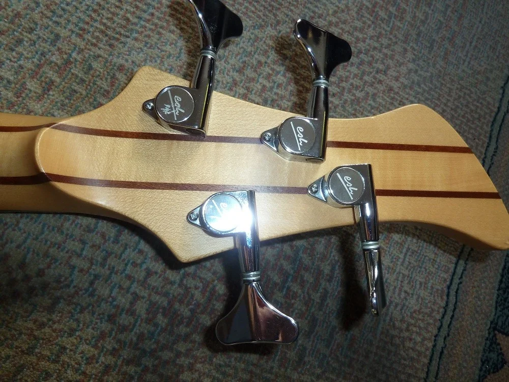 Regler: Volumemit aktiv/passiv Schaltung für EQ, Pickup-Pan-Selector, Höhen, Bässe, 3-Wege Schalter für ESMM-PU
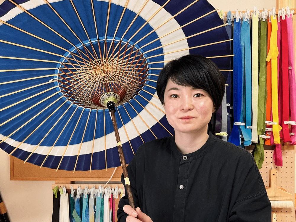 河合さんが和傘職人になったきっかけは、老舗の和傘問屋「坂井田栄吉店」を営む叔父から「和傘を作ってみないか」と誘われたこと。「幼い頃、週末や夏休みになると工房に遊びに行き、和傘職人だった祖母の手仕事を見て育ちました。私にとって和傘は、当たり前に身近にある存在でした」。
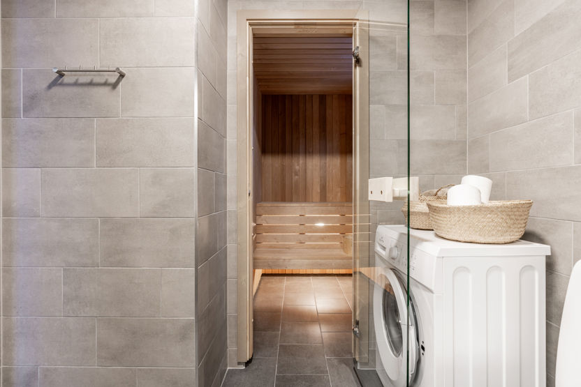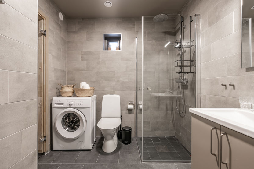 I stugan finns 1 badrum med dusch och wc samt bastu för avkoppling efter dagens aktiviteter. Här finns även tvättmaskin.
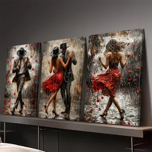 Ensemble de trois toiles encadrées représentant un couple dansant le tango
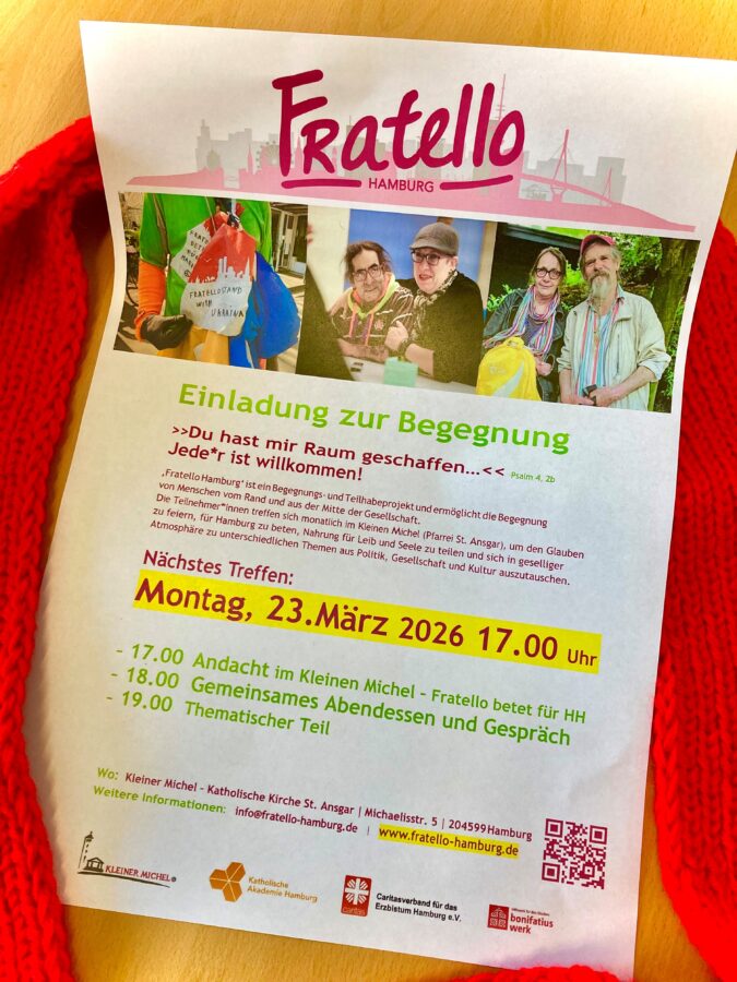 Den Welttag der Armen feiert Fratello immer zusammen mit der Kirchengemeinde vom Kleinen Michel. Erzbischof Heße wird dabei sein und viele Menschen von Fratello und der Gemeinde und aus ganz Hamburg. Wir freuen uns darauf.
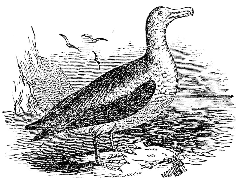 Wednesday, July 1. We caught to-day, with a hook, one of the sailor’s sea-hens. It proved to be the brown albatros of the Pacific; and measured ten feet between the tips of its wings. When brought on board, the fellow threw his wild glances at the crew, and walked about as haughtily as if sole monarch of the peopled deck. One of the men attempted to trifle with his dignity, when he pounced upon him and severely chastised his impertinence. After being detained an hour, we let him go to join his female companion, who was waiting for him, on the wave, by the side of the ship. The albatros never deserts its consort in calamity.
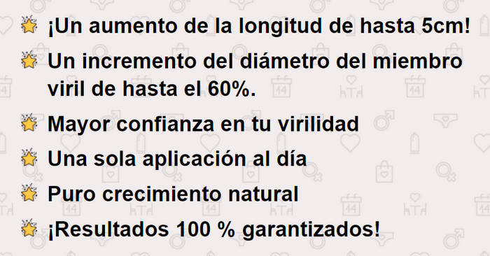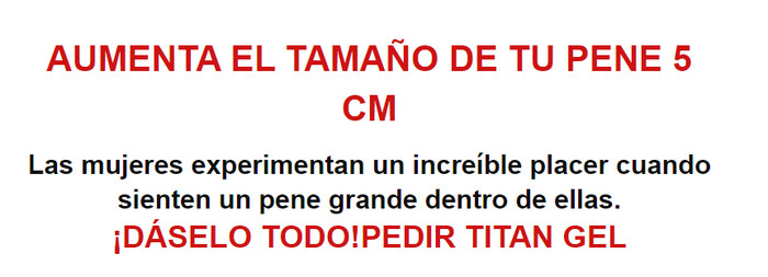 ¿No está seguro de sus posibilidades íntimas debido al pequeño tamaño del pene? Deseche el pánico y los pensamientos sobre la cirugía, porque hoy hemos desarrollado una solución segura para su problema: ¡Titan Gel para agrandar el pene! La herramienta única proporciona un aumento en el tamaño de la virilidad, aumenta la potencia, la libido, tiene efectos antiinfecciosos y antiinflamatorios, y también actúa como lubricante.

——————————

### [WORK TO BE COMPLETED]
The answer must be an exact transcription of the lines from the one holding "Den Welttag der" to the last line of the entries above, with no pictures and nothing else.

### [RESULT FOR THIS TASK]
 Den Welttag der Armen feiert Fratello immer zusammen mit der Kirchengemeinde vom Kleinen Michel. Erzbischof Heße wird dabei sein und viele Menschen von Fratello und der Gemeinde und aus ganz Hamburg. Wir freuen uns darauf.
 Wednesday, July 1. We caught to-day, with a hook, one of the sailor’s sea-hens. It proved to be the brown albatros of the Pacific; and measured ten feet between the tips of its wings. When brought on board, the fellow threw his wild glances at the crew, and walked about as haughtily as if sole monarch of the peopled deck. One of the men attempted to trifle with his dignity, when he pounced upon him and severely chastised his impertinence. After being detained an hour, we let him go to join his female companion, who was waiting for him, on the wave, by the side of the ship. The albatros never deserts its consort in calamity.
 ¿No está seguro de sus posibilidades íntimas debido al pequeño tamaño del pene? Deseche el pánico y los pensamientos sobre la cirugía, porque hoy hemos desarrollado una solución segura para su problema: ¡Titan Gel para agrandar el pene! La herramienta única proporciona un aumento en el tamaño de la virilidad, aumenta la potencia, la libido, tiene efectos antiinfecciosos y antiinflamatorios, y también actúa como lubricante.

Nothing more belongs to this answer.